To believe in the chili burger is to turn matters slightly on their head because the usual criteria of a good burger—the char of the meat, the toastiness of the bun, and the crispness of the lettuce and pickles—are secondary. What matters above all else is that ladleful of mildly sweet and spicy beef chili. For more than 60 years, the chili burger at Tommy's in Los Angeles—particularly its first location, on the corner of Beverly and Rampart boulevards—has been the gold standard of this toothsome genre. That Tommy's didn't invent the chili burger (that honor goes to a long-gone LA restaurant called Ptomaine Tommy's) seems beside the point.

Started in 1946 by one Tommy Koulax, the son of Greek immigrants, Tommy's was built for American car culture: the dining area is a narrow ledge of wood that snakes around the parking lot and encircles a service window.
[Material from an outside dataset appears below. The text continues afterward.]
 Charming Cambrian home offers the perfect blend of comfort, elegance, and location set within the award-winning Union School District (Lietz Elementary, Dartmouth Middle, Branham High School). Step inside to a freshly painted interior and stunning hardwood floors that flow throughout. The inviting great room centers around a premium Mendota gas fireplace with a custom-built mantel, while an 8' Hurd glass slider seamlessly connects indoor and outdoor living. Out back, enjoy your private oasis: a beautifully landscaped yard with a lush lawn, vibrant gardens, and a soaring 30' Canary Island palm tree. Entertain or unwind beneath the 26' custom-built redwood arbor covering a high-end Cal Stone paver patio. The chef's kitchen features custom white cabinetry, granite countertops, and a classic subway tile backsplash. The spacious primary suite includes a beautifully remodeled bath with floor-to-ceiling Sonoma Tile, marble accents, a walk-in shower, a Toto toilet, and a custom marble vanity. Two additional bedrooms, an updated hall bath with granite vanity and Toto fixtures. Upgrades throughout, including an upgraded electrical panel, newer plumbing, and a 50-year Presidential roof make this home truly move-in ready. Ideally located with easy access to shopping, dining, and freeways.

There you'll be asked chili or not. You answer, of course, in the affirmative and are presented with a thing of beauty, temptation itself enclosed in yellow waxed paper. You unwrap the burger halfway, to keep it from spilling. You bite into it: first the pillowy bun, then the tangy-sweet chili, and finally the beef. Pure satisfaction.
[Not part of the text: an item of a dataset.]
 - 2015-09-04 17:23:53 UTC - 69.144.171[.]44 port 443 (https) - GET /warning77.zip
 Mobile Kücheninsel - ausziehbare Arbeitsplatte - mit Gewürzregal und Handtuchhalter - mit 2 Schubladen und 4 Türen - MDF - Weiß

Look around you. In the smoky dusk, beneath the improbably gorgeous shades of sky that an LA evening is capable of producing, you feel as if you'd found your way to the city's very heart. Perched on that wooden ledge alongside you is a cross section of Angelenos: cholos, clubbers, cops. At this moment, you are all of like hearts and minds. You wish you'd ordered a double, so you get up and return to the window. Give me one, with chili.